Melbourne IT plans to stop taking new registrations on its vCloud Express beta cloud computing service within months as it moves to offer a fully-fledged commercial service.
Chief technology officer Glenn Gore told iTnews that Melbourne IT would start "cutting across" customers from its beta IaaS (infrastructure as a service) program vCloud Express to a commercial service based on VMware's vCloud architecture "in the next week or two."
"We are now starting to switch across from vCloud Express to 'Redwood' or vCloud," Gore said, referring to the VMware project's codename.
"We're going to look at the vCloud Express platform and probably stop registrations through to it on the beta site, start transitioning them across to vCloud."
Gore said the cloud service beta, launched back in September, had attracted "around 500" customers, but not all of them were active or using cloud services regularly.
Two usage cases had emerged from the beta - ad-hoc users that favoured the pay-as-you-go model for compute and storage on-demand, and a second set of customers - mostly small-to-medium enterprises - that wanted "a static [cloud] service at a fixed price."
"The most interesting thing to come out of [the beta is] is not so much what the technology has allowed but actually what businesses were expecting [from] pay-as-you-go billing models," Gore said.
"Interestingly in Australia, and particularly in small-to-medium businesses, the unpredictable nature of pay-as-you-go billing and not really knowing what the dollar spend is going to be has been probably the biggest topic that has come up.
"People keep asking can they get a flat rate for usage so they just know it's going to be a certain cost.
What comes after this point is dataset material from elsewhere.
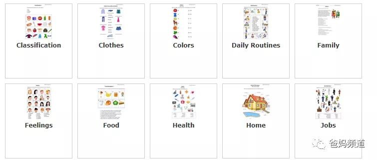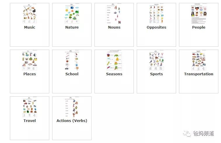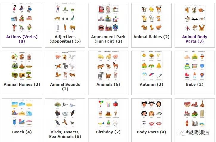 还有食物主题,衣服主题,基本概念, 动词卡等等。

It's been a great learning experience building up a lot of knowledge and experience around how people expect the cloud to work."
However, Gore said the ad-hoc use model more commonly associated with cloud computing remained a usual entry-point to a conversation - even if not everyone who started talking about the cloud ended up buying capacity from it.
"The interesting thing is at Melbourne IT, we have the traditional hosting products sitting alongside the cloud products," Gore said.
"The cloud is often the conversation starter, yet what they [the customer] end up purchasing and going forward with is a lot more [like] traditional [hosting products]."
Melbourne IT's vCloud Express beta used VMware software and EMC storage hardware.
The company had earmarked back in September that it was considering buying Cisco's unified computing (UCS) blade servers; but Gore said that after "talking to Cisco for a while" Melbourne IT was now "looking at what's coming next" in terms of converged network and server architecture.
"For us, it's been a bit of a challenge in terms of the amount of change required for us to switch from our current server manufacturer to UCS," he said. "It's not small, it's actually quite high due to the level of customisation and tuning.
"The challenge for us has been - are the benefits delivered by UCS greater than the cost of change? From our studies, it's pretty even at the moment."